С этими словами Евсеич встал и, засуетившись, направился к своим кобылкам. Слышно было, как говорит он

с ними о чём – то, а о чём – не разобрать.

Все примолкли. Да и было о чём помолчать! Сколько горя проклятый немец людям принёс! Скольких погубил, скольких покалечил, скольких сиротами оставил! Все примолкли, даже неугомонный Петька. Памятуя об оплеухе, к Никитке с вопросами больше не приставал.

Испытывая постоянную нужду работать языком, стал мурлыкать себе под нос песни, безбожно перевирая мотив и слова. Но вскоре это занятие его утомило.

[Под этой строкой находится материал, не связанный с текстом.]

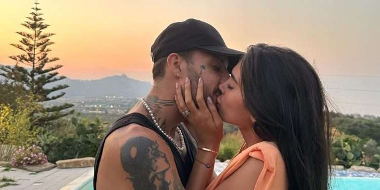 Aty ka pozuar me të dashurin I cili ka vendosur kokën tek ajo dhe njërën dorë nga mbrapa.

– Эй, танкист, – почему – то не по имени обратился он

к Николаю. Ты кем до войны был? Ну, работал кем?

– Учителем, детей учил!

– Вот это да! И как же тебя величали?

– Как и положено, по имени – отчеству – Николаем Викторовичем!

– Чудно! Ты ж молодой совсем был?

– А ты что, своего учителя Колькой бы звал? – вставил своё веское слово Григорий, всё еще сердитый на балагура.

– Не, я по батюшке звал! Учительница у нас была, так ведь она пожилая, годов сорок, наверняка, было! А тут молодого парня по отчеству! Чудно!

– Тебе чудно, а мне нет! Гляжу я на тебя и удивляюсь, дремучий ты какой – то, – опять укорил Гриша.

– Ладно, ладно, сынки, не спорьте, – наговорившись со своими кобылками, вмешался в спор Евсеич. – Учителя по отчеству зовут, потому что уважают за грамоту, за ум. Не каждый на учителя выучиться может!

– Да, – простодушно согласился Пётр. – Я вот только пять классов прошёл. Отец меня и ругал, и ремнём порол, а я всё равно учиться не захотел. Да и способностей у меня нету. Мне легче в поле или в лесу работать, чем за книгой сидеть.

– Ну вот, пехота, и помалкивай, – уже шутливо проговорил Гриша.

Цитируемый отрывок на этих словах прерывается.